## Exercise goal
Your response should be the lines from the one holding "冬場の確かなインナーとしては" to the last line of the data below, copied exactly and with no additions.

## Data shown
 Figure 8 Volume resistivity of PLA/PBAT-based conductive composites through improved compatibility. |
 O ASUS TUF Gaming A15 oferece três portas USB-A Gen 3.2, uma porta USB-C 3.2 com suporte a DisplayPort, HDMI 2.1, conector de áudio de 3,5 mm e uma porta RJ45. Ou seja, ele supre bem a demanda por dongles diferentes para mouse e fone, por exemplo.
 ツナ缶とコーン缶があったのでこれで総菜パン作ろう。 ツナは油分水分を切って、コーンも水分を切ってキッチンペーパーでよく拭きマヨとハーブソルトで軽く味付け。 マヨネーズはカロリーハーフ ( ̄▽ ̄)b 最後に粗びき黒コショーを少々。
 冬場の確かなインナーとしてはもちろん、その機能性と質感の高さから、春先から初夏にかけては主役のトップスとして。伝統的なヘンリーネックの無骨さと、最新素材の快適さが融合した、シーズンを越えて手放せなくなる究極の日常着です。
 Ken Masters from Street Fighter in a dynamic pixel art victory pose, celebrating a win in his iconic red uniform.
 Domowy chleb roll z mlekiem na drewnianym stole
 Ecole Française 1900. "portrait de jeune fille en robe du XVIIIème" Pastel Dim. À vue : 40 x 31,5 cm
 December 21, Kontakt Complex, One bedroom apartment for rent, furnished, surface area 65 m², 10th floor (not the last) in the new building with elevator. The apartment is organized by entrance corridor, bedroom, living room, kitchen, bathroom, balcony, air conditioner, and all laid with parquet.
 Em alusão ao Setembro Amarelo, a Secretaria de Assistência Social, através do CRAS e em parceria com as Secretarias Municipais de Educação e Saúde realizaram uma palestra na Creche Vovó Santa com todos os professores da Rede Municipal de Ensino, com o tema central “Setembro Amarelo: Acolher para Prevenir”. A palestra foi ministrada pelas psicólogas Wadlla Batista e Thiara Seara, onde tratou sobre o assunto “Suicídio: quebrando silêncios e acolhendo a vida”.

## Written response
 冬場の確かなインナーとしてはもちろん、その機能性と質感の高さから、春先から初夏にかけては主役のトップスとして。伝統的なヘンリーネックの無骨さと、最新素材の快適さが融合した、シーズンを越えて手放せなくなる究極の日常着です。
 Ken Masters from Street Fighter in a dynamic pixel art victory pose, celebrating a win in his iconic red uniform.
 Domowy chleb roll z mlekiem na drewnianym stole
 Ecole Française 1900. "portrait de jeune fille en robe du XVIIIème" Pastel Dim. À vue : 40 x 31,5 cm
 December 21, Kontakt Complex, One bedroom apartment for rent, furnished, surface area 65 m², 10th floor (not the last) in the new building with elevator. The apartment is organized by entrance corridor, bedroom, living room, kitchen, bathroom, balcony, air conditioner, and all laid with parquet.
 Em alusão ao Setembro Amarelo, a Secretaria de Assistência Social, através do CRAS e em parceria com as Secretarias Municipais de Educação e Saúde realizaram uma palestra na Creche Vovó Santa com todos os professores da Rede Municipal de Ensino, com o tema central “Setembro Amarelo: Acolher para Prevenir”. A palestra foi ministrada pelas psicólogas Wadlla Batista e Thiara Seara, onde tratou sobre o assunto “Suicídio: quebrando silêncios e acolhendo a vida”.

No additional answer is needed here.